The fiery South American joined Dimitar Berbatov at the head of the Premier League goalscoring charts with a second-half double to take his tally to 14, accompanying Kolo and Yaya Toure on the scoresheet as the brothers achieved the rare feat of finding the net in the same top-flight game.
It must have been quite an eye-opener for Dzeko, who produced an encouraging performance on his debut and appears willing to do the hard work in his partnership with Tevez in addition to the glamourous stuff.
The Bosnian was also given an instant lesson in the difficulty of securing points in England as City, having been totally outplayed for the first half-hour, then needed to resist a late Wolves surge after the plucky Black Country outfit had pulled themselves back into a contest that had already been turned on its head after their initial heroics.
Having flexed their mighty financial muscle to make Dzeko the sixth most expensive player the Premier League has ever known, City cannot have expected to be rolled over quite so easily as they were in that opening 30 minutes.

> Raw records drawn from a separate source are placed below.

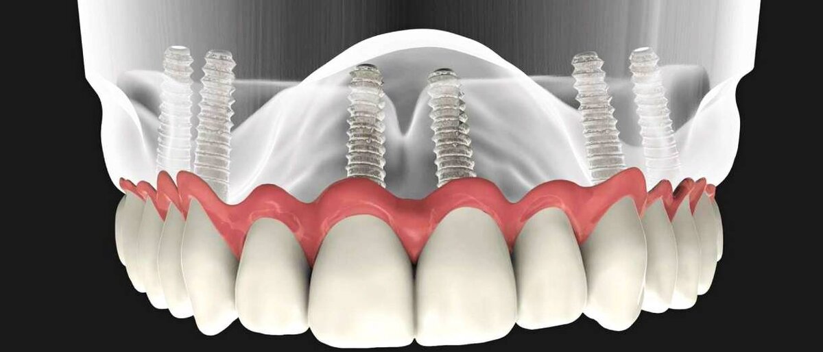 Чаще всего при отсутствии всех зубов в ряду применяют имплантацию по протоколу All-on-4 или All-on-6, которая предполагает установку 4 и 6 имплантов.
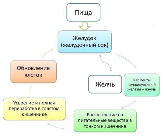 Пищеварительные процессы являются довольно сложными и включают в себя расщепление питательных веществ в желудочно-кишечном тракте, их последующее всасывание в лимфу и кровь, затем они вовлекаются в процессы обмена и образуют пластические материалы. Последние необходимы построения организма и синтеза энергии, которая нужна для его нормальной работы.
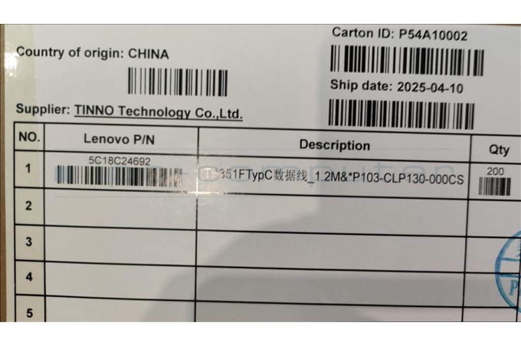 Lenovo 5C18C24692 TB351F TypC_Cbl_1.2M&*P103-CLP130-000 CS
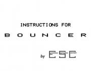 | Bouncer (by Greg Kean) - Instruction Manual Bouncer (by Greg Kean) - Instruction Manual Istruzioni contenute nel package del gioco Bouncer, sviluppato da Greg Kean e pubblicato dalla Extended Software Company. | Codice: | ------ | | Pagine: | 2 (compresa copertina) | | Formato: | Foglio A4 piegato | | Misure: | 28 x 22 cm | | Anno: | 1983 | | ISBN: | ------ | | Printed in: | USA | Queste pagine contengono le istruzioni per il caricamento e le regole del gioco. Sono fogli singoli stampati su entrambi i lati. Erano stampati su carta colorata.
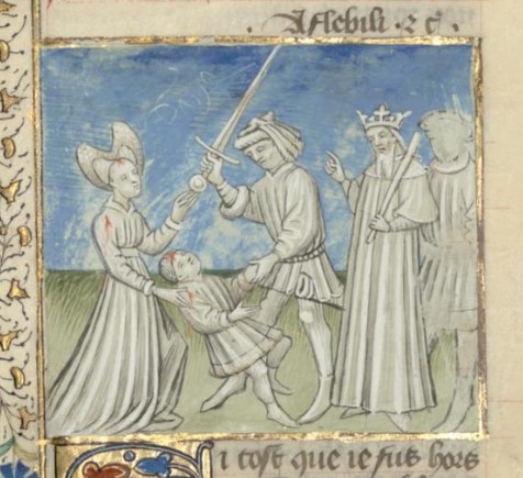 Parigi, Bibliothèque interuniversitaire Sainte-Geneviève, 1128, f. 143v. Cassandro fa assassinare Barsine e suo figlio Eracle.
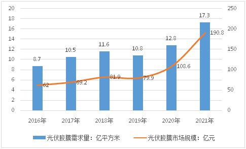 近年来,光伏组件封装胶膜市场呈增长态势。2021年,全球封装胶膜市场需求约21亿平方米,同比增长28.0%,其中,我国光伏胶膜需求量达到17.3亿平方米。

It should not have come as a total surprise.
After all, Wolves beat City at Molineux earlier this season and accounted for both Liverpool and Chelsea during the Christmas period, so they clearly cannot be taken for granted.
Still, the one-sided manner of the contest was a shock, the only consolation for Roberto Mancini coming from the knowledge his side remained in the game.
They were already wobbling when Kolo Toure blasted a clearance into Vincent Kompany, the rebound dropping kindly for Nenad Milijas, who finished at the second attempt despite Joe Hart’s initial heroics.
Hart denied Milijas shortly afterwards when the Serbian powered a header towards goal, although there was nothing he could do to prevent Steven Fletcher picking out an unmarked Matt Jarvis at the far post.
Jarvis must have thought he had scored when he pulled the trigger on a shot from 12 yards. Instead, Aleksandar Kolarov flung himself in the way to preserve a fragile state of affairs.
The value of Kolarov’s block was not immediately apparent as it took City some time to assert themselves.
But once Adam Johnson had forced Wayne Hennessey into an excellent feet-first save, Wolves began to assume the air of a side who could not wait for the interval to come.
Unfortunately for them, the clock did not speed round quickly enough.
Tevez was only just wide with a fizzing shot, then, after Dzeko had been denied by an excellent Ronald Zubar challenge, Kompany got his head to Johnson’s corner and flicked it towards the far post.
Kolo Toure controlled, then went for goal, ignoring the crowd of bodies in his way. His decision proved correct as the shot beat Hennessey, bounced through David Jones’ legs and eventually over the line.
It was the Ivorian’s first goal of the season. More importantly, it created the platform for normal service to be resumed after half-time.
More than anyone, Tevez had been inconvenienced by Dzeko’s arrival, shunted from his favoured central berth to a role wide on the left at kick-off.
The Argentinian is not one for keeping quiet, though.
And, as spectators were still taking their seats, he picked up possession on the angle of the area and exploded into life, bursting through the passive presence of Christophe Berra and Stephen Hunt, then skipping inside Richard Stearman.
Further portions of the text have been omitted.